### DATA EXTRACTS

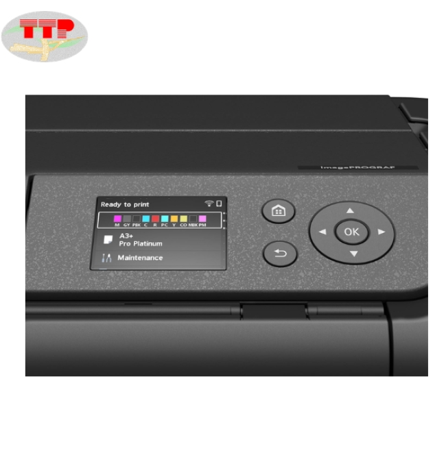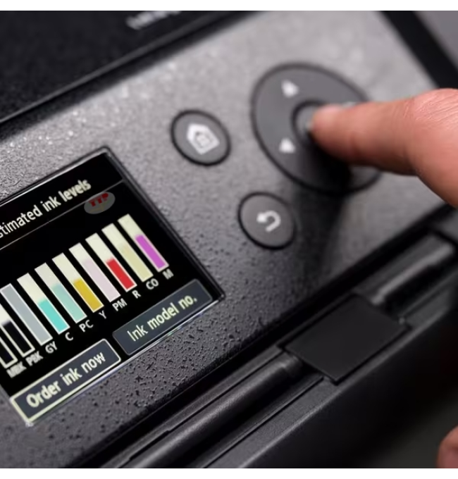 Màn hình của máy in phun Canon PRO-310 là dạng cảm ứng màu 3 inch, hiển thị đầy đủ mức mực của cả 10 màu cùng lúc. Bạn có thể dễ dàng biết chính xác từng màu còn bao nhiêu % mà không cần mở máy tính. Khi sắp hết mực, máy sẽ báo rõ màu nào cần thay. Đồng thời, việc thiết lập kết nối Wi-Fi hay in từ điện thoại cũng được thực hiện nhanh trên máy.
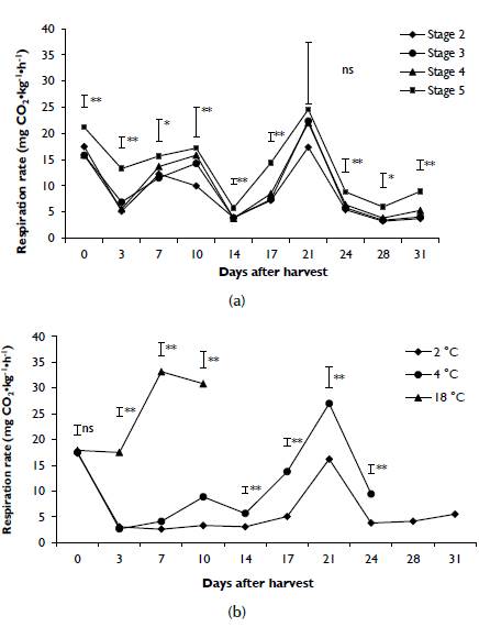 By analyzing the storage temperature factor, it was clear that the fruits stored at 18 °C had the highest value when compared to the values obtained in the fruits stored at 2 and 4 °C (Figure 3b). At 10 dah, the biggest difference was observed, with values of 3,31, 8,87, and 30,83 mg CO2 kg-1h-1 for fruits stored at 2, 4 and 18°C, respectively. Similarly, a decrease in RR was only observed in the fruits stored at room temperature (18 °C), indicating that, at this sampling point (10 dah), the senescence of fruits and loss of consumption quality began, so this treatment was discontinued.
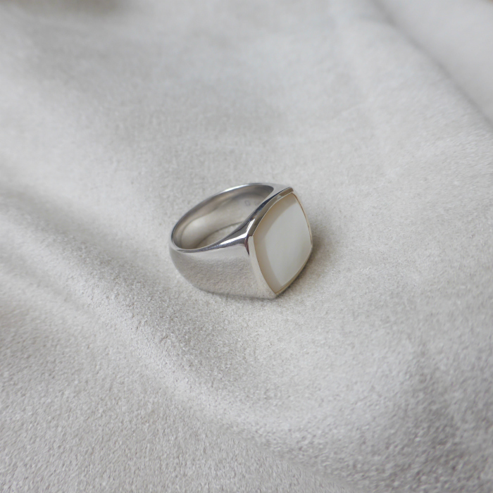 TOM WOODの大人気クッションリング。 繁栄を引き付け、心を落ち着かせる愛と負のエネルギーから母のように守ってくれると信じられているマザーオブパール石のホワイトモップ。 トムウッドのシグネチャークッションシェイプを形成するように設計されたクラシックなシグネットリングです。 スタイルを選ばないシンプルでベーシックなデザイン。 洗練されたシルバーの輝きがとても印象に残り、存在感がありながらも上品に手元を演出する指輪です。 |
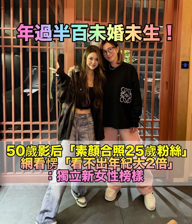 年過半百未婚未生!50歲影后「素顏合照25歲粉絲」 網愣「看不出年紀大2倍」:獨立新女性代表❤️
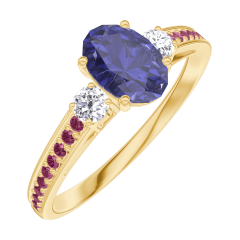 « L'ATELIER » Nº 163929Bague Or jaune 18 carats - Saphir bleu Ovale 0.5 carat - Pierres de côté Diamant - Sertissage Rubis 5 (4)
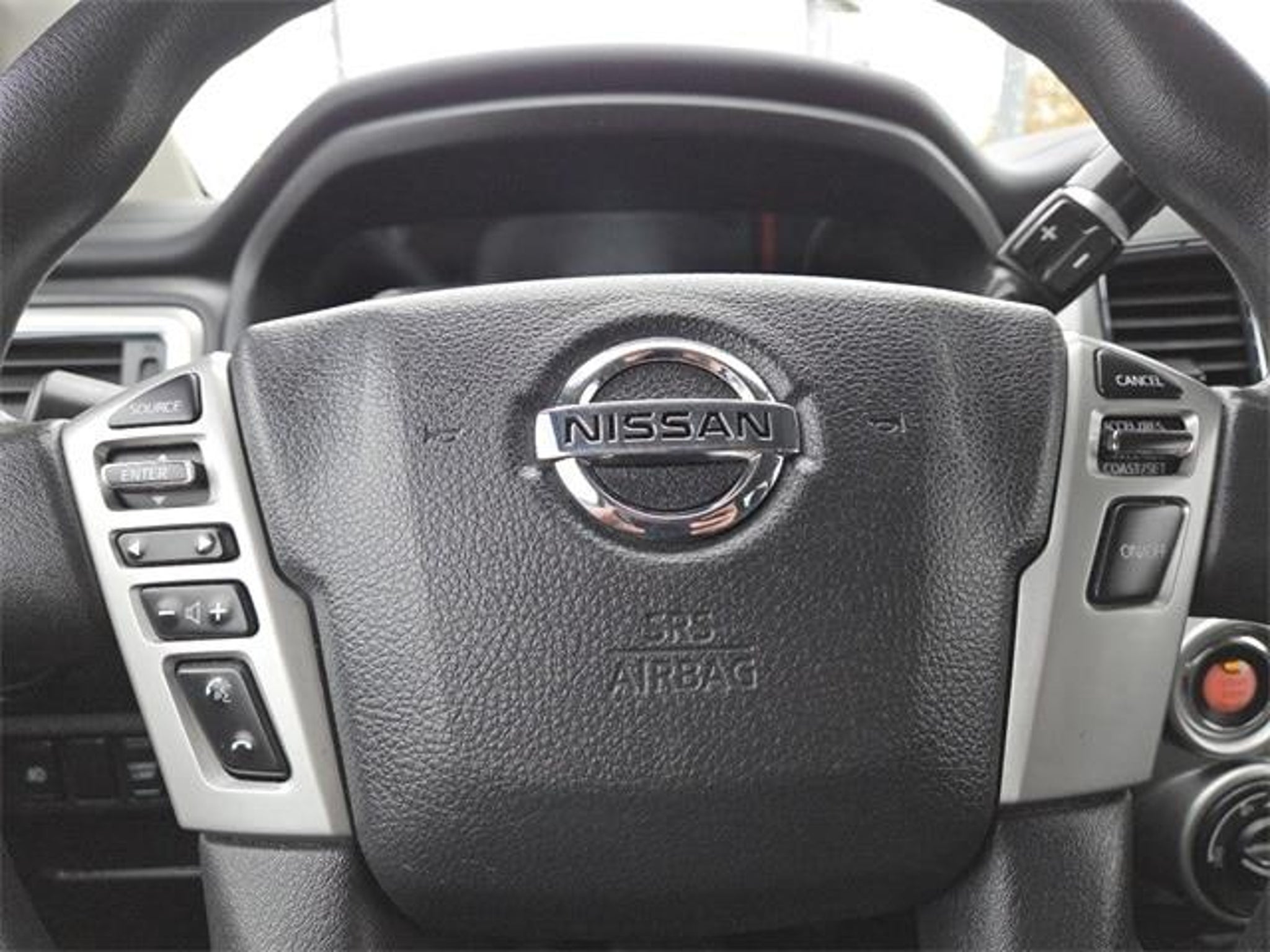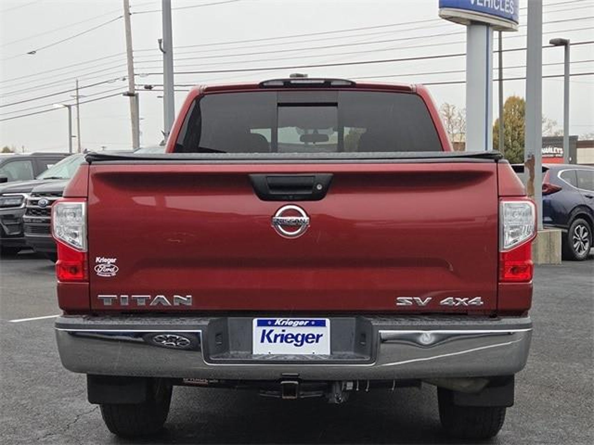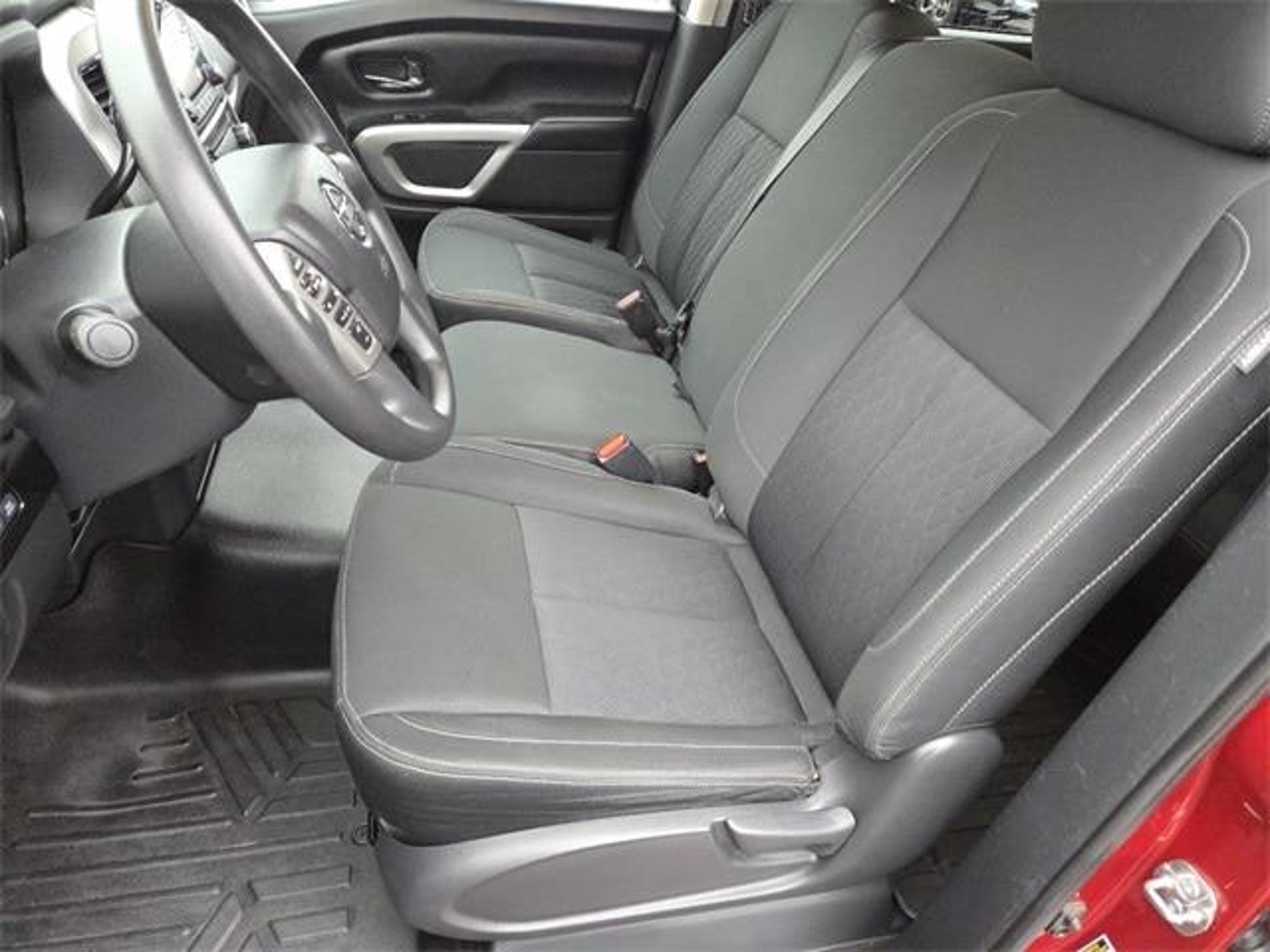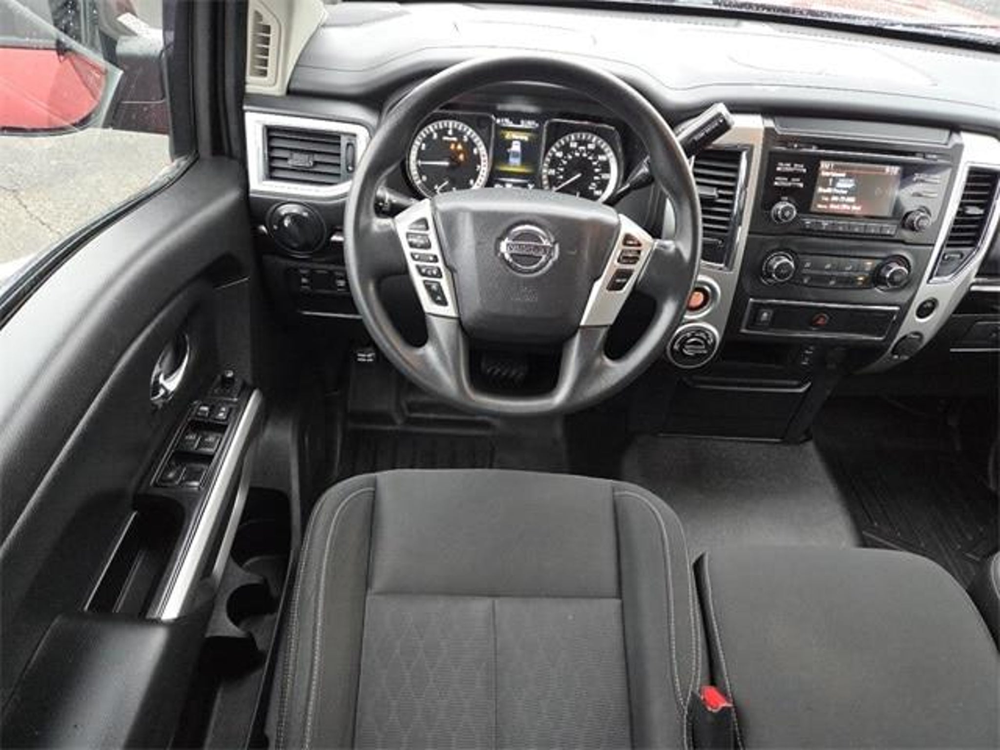 Certified. Certification Program Details: Ford Advantage Blue Certified. 139-pt inspection. 2018 Nissan Titan SV 4D Crew Cab Cayenne Red Titan SV, 4D Crew Cab, 5.6L V8, 7-Speed Automatic, 4WD, Cayenne Red, Black Cloth, 4-Wheel Disc Brakes, 6 Speakers, ABS brakes, Air Conditioning, AM/FM radio: SiriusXM, Brake assist, CD player, Cloth Seat Trim, Electronic Stability Control, Heated door mirrors, Heated Front Captain's Chairs, Illuminated entry, Leather Seat Trim, Panic alarm, Power door mirrors, Power steering, Power windows, Radio: NissanConnect AM/FM w/SiriusXM, Rear step bumper, Rear window defroster, Remote keyless entry, Security system, Speed-sensing steering, Steering wheel mounted audio controls, Telescoping steering wheel, Tilt steering wheel, Traction control, Turn signal indicator mirrors, Wheels: 18 x 8 Silver Painted Alloy. 4WD 7-Speed Automatic 5.6L V8 Odometer is 41074 miles below market average!

######

WHAT IS NEEDED: Your answer should consist of the lines above between those holding "年過半百未婚未生!50歲影后" and "Rubis 5 (4)", inclusive, reproduced word for word and without pictures.

SOLUTION TO THIS EXERCISE:
 年過半百未婚未生!50歲影后「素顏合照25歲粉絲」 網愣「看不出年紀大2倍」:獨立新女性代表❤️
 « L'ATELIER » Nº 163929Bague Or jaune 18 carats - Saphir bleu Ovale 0.5 carat - Pierres de côté Diamant - Sertissage Rubis 5 (4)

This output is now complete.